Meno noto è invece che Garibaldi tenesse delle Bibbie e pare, addirittura, le facesse distribuire agli abitanti di La Maddalena.

Non si trattava naturalmente di Bibbie cattoliche bensì di Bibbie protestanti tradotte in italiano da Giovanni Diodati. Scrive Cignoli, nell'articolo citato, di aver scoperto la notizia "spigolando" nell'Archivio della 'Società Biblica Britannica & Forestiera' di Roma. In una relazione in inglese del londinese reverendo protestante Bergne è riportato quanto da lui ascoltato, a Milano, nel 1872, da un certo Rivera, ex militare dell'esercito ed all'epoca colportore (venditore ambulante di Bibbie protestanti).

Rivera raccontò al rev. Bergne di aver fatto, tempo prima, un viaggio in Sardegna e di essere giunto fino a La Maddalena. Qui ebbe la gradita, per lui, sorpresa di trovare alcuni protestanti (il censimento del 1871 ne registrava in numero di 42). A loro e ad altri vendette alcune Bibbie. Poi, attraversando con una barca il braccio di mare che separa le due isole, approdò a Caprera. Qui, come tanti altri visitatori del tempo, il colportore Rivera poté incontrare Garibaldi.

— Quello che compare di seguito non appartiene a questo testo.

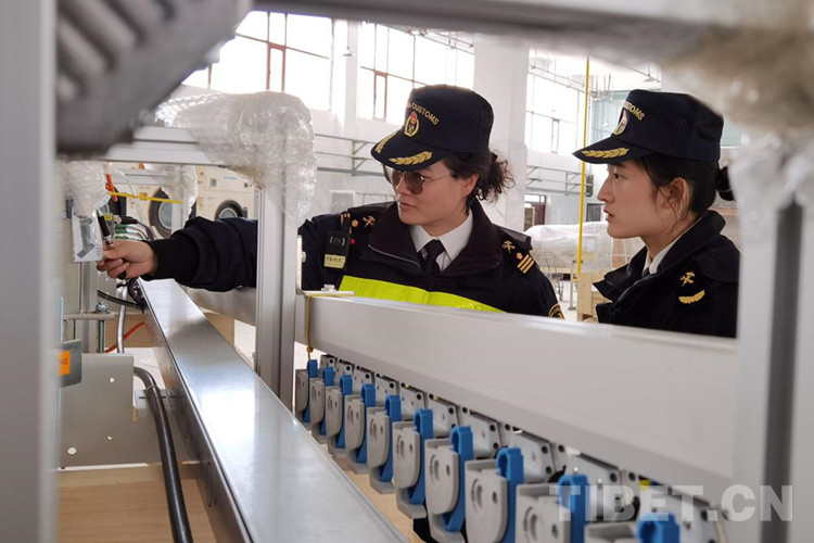圖為拉薩海關派員對一批德國進口洗滌設備開展目的地查驗

Con sorpresa Rivera scoprì che il Generale conservava a casa una cassa, piena a metà, di Bibbie, pronte per essere inviate a La Maddalena.

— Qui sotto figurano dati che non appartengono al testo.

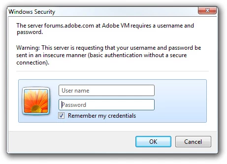 Despite my being signed in. After a I made a Reply in one forum topics and dismissed the window (I go to topics from the e-mail Notifications so I can read and just comment on what I want to), I received this strange Pop up Box requesting Username and Password and mentions something about Jive software.

Rivera informò Garibaldi di averne colà venduto parecchie nei giorni precedenti. Allora Garibaldi gli rispose che avrebbe conservato quelle Bibbie. Il Generale poi incoraggiò il colportore Rivera, dicendogli che stava facendo un buon lavoro perché stava "diffondendo la verità".
Dell'episodio Mario Cignoni, autore dell'articolo, non scrive altro. Ci domandiamo che cosa, di tutto ciò, potesse pensarne il parroco dell'epoca don Michele Mamia Addis, il quale fu amico di Garibaldi e più volte ospite del "suo modesto desco".